Title
#general
s

sanjaykcse

08/28/2020, 1:06 PM
OSqueryd (daemon) is based on SQLite and executes on node with root privilege Have osquery binaries been evaluated for SQL injection kind of attacks ? I understand it fetches data from virtual database , any possibility of dropping binaries and gaining root shell ( common pattern of SQL injection attacks ) ?
zwass

zwass

08/28/2020, 3:56 PM
Yes, some vulnerabilities have been found in the past: https://github.com/osquery/osquery/security/advisories?state=published
sundsta

sundsta

08/28/2020, 4:36 PM
Also, it doesn’t need to run as root if you’re on Linux if you aren’t using evented tables
zwass

zwass

08/28/2020, 4:37 PM
It doesn't necessarily need to run as root on any system, but the capabilities will be limited based on the capabilities of the user.
sundsta

sundsta

08/28/2020, 4:39 PM
Correct, it’s just much easier on Linux using capabilities (specifically CAP_DAC_READ_SEARCH)
zwass

zwass

08/28/2020, 4:41 PM
Oh, interesting.

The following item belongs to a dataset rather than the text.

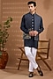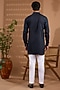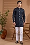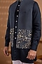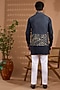 Featuring a navy blue open jacket in blended silk base with foil print. It is paired with a cotton satin kurta and pants. Style it with mojaris for a wedding, sangeet or engagement ceremony.

I'd love to read a blog or any content to learn more about this!
sundsta

sundsta

08/28/2020, 4:43 PM
Well, it’s not exactly a blog post but you can probably get the general idea from my issue https://github.com/osquery/osquery/issues/6121 and the man pages https://man7.org/linux/man-pages/man7/capabilities.7.html
s

seph

08/28/2020, 7:16 PM
Generally speaking, one does not expose osquery to untrusted parties. So sql injection isn’t the highest risk.
7:17 PM
To be able to execute sql inside osquery, you implicitly have access to osquery. Which generally is presenting a lot of information already. Granted, not the same as being able to write in a root context.